Sasha had invited David to spend Christmas with her. He accepted, knowing it would be a complicated experience, given their history and her wishes for their future.
Anything but watching the sappy, sentimental Pine Street group celebrate in their sappy, sentimental way, finding new and subtle ways to emphasize his exclusion.
At least his father had seemed genuinely disappointed that they wouldn’t have Christmas together. “Maybe new year’s day, then?” Douglas had said, wistfully. “A meal together on the first day of a brand-new year, with my son. That would be wonderful. But no pressure. You have your life, David, I understand.”
Do you, David had longed to say. Do you understand anything about me?
So he spent a cold and windy day in Seattle, trying, to his credit, not to inject too sour a note into the gathering Sasha planned with a few of her straggly sort of friends. He strove to project good cheer, out of consideration for her good, if misguided, intentions in making a place for those who had no family they wanted to spend Christmas with, or who wanted to spend Christmas with them.
After the last guest left, though, he could not help himself. He blurted something about the kind of people who spend Christmas with their second (or third) choice of company, and Sasha, on her last nerve after cleaning, cooking, prepping, and hosting, burst into tears.
“I’m a jerk,” David said, “I’m sorry, Sash. I really am.” And he meant it. “Let me make you a cup of tea.”
“Why do you have to be so mean, sometimes?” Sasha asked, her voice plaintive, her legs curled under her on the couch as she took the cup of sweet-smelling peppermint tea.

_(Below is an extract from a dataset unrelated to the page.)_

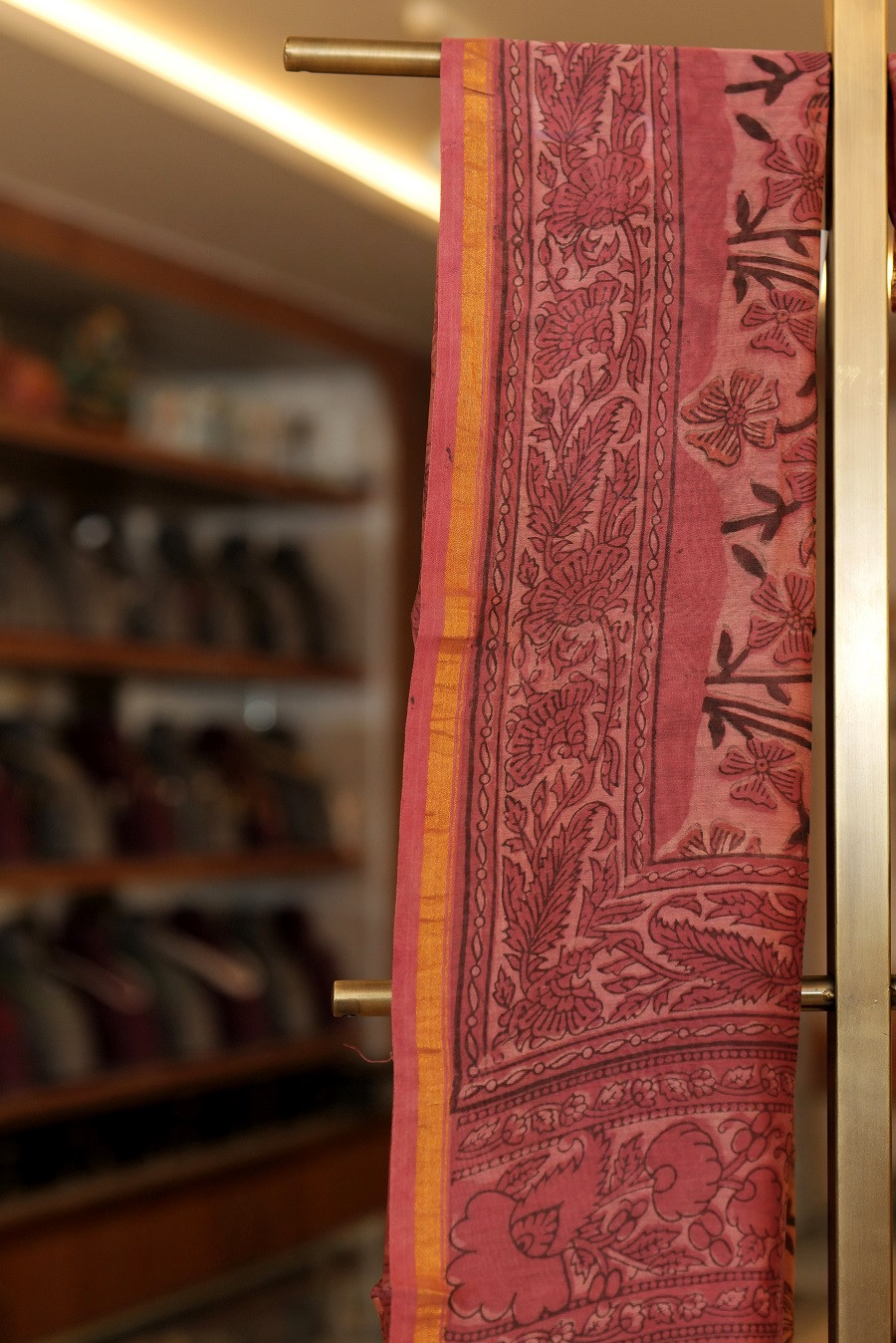 Set on a warm gulabi-pink base, the saree is delicately adorned with fine handblock butis, patiently printed using hand-carved wooden blocks. The borders and pallu unfold with intricate floral and vine motifs, echoing the richness of Rajasthani textile traditions while maintaining a refined, understated charm.

“I wish I knew, Sash. Maybe it’s Christmas. I’ve never loved it. When it was just me and my mom, you know, she’d do her best. I’d wish my hardest that my dad would come around, the years I wasn’t with him. The years I was with him, I’d wish my mom could be there, too. It always seemed like the day of the year when everything conspired to remind me that I wasn’t part of a real family.” A memory flooded back, surprising David with its emotional valence.
Sasha, perhaps seeing the shadow crossing his face, leaned forward, touched his knee. “What is it, David?”

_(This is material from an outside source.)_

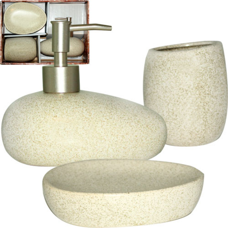 Керамічний набір "Loft" для ванної кімнати. Колір бежевий. В комплекті 3 предмета: дозатор для рідкого мила, стакан для зубних щіток і мильниця. Набір аксесуарів для ванної кімнати упакований в картонну коробку з блістерної кришкою. Набір аксесуарів для ванної кімнати SNT 3 пр Loft 887-09-01

“I just remembered this one Christmas, when my dad’s schedule changed, and he was able to drive me home, instead of putting me on the bus. We spent about eight hours in a car together, stopping at roadside diners for our meals, and just, you know, talking. I think I must have been about eight years old, maybe nine. Old enough to wish that drive would never end.
“And then, when we got back to mom’s house, she came out to meet us, and for about five minutes we three were together. Like a Christmas card, standing by my dad’s big old car, as it snowed around us, and that’s what I thought: If someone took a picture of us now, snow falling, suitcases on the driveway, it would look like we were going on a vacation together, we’d look like a family, this would be our Christmas card for next year.”
The best picture of my family ever, he thought, and it wasn’t even real.